Via Andy Revkin’s blog, a Drexel University professor speculates as to how the rolling disaster unfolding in the Gulf will play out:

This could have an enormous political impact. That type of spill size will eventually reach recreational areas, and places where the press can easily document the adverse impacts of the spill. Unlike global climate change, oil spills make for good graphic, and visual coverage, the causal sequence is self evident, and denial is impossible. Think of week after week of oil spill coverage on the nightly news. That is what happened with the Exxon Valdez, which occurred in a remote area. This will make opening up offshore drilling very difficult. Plus it is occurring in an area that is supportive of offshore drilling. When the adverse impacts start hitting the recreation industries of the Gulf coast, the politics could get very interesting.

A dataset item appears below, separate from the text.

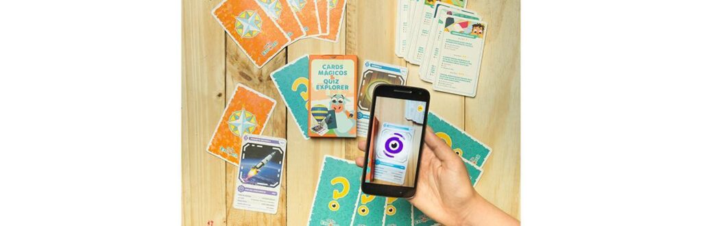 O nome PlayKids Explorer vem justamente para incentivar a criança a explorar. “No primeiro livro seu filho vai saber a história dos personagens e depois eles irão levá-lo para diversos lugares”, explica o CEO. A interação entre online e offline se dá nos Cards Mágicos que vêm junto com o kit. Funciona assim: a criança pega o Card e aponta o celular para ele com o aplicativo da PlayKids aberto, logo um vídeo é reproduzido trazendo curiosidades sobre o assunto que a carta está falando. Pode ser sobre um objeto, uma história ou um continente.

I don’t see how it’s avoidable that this spill is going to have major, major impact, and not just on the coastal environment. According to the Louisiana Wildlife and Fisheries department, the Louisiana seafood industry is worth $265 billion annually “at the dockside,” and beyond that has a $2.3 trillion economic impact. The state’s budget was already in dire shape, with dramatic cuts to higher education and state services on their way for next year … and now the state is faced with the possible destruction of its fishing industry. The economic pain could be extreme — likewise for the coastal tourism industries in Mississippi, Alabama, still struggling to recover from Katrina, and perhaps even the Florida Panhandle. The entire nation benefits from the oil harvested from Gulf waters, but now the cost of it is going to be borne in a particularly horrible way by Louisiana and neighboring states.
The president has already announced a moratorium on deepwater drilling until we get this disaster sorted. I don’t think anybody can say for sure where all this is going to take the country in terms of energy and economic policy, especially given that the pictures of crude oil hitting beaches and marshes haven’t yet begun to reach the public’s eye. But I do hope that we all give a great deal of scrutiny to how exactly the oil companies, including British Petroleum, talked the government out of making them put additional safety equipment onto those rigs, which government bureaucrats knuckled under to them, and why.
That this event is going to be a game changer is hard to gainsay. But how it will be is an open question. Have any predictions? Let us hear them.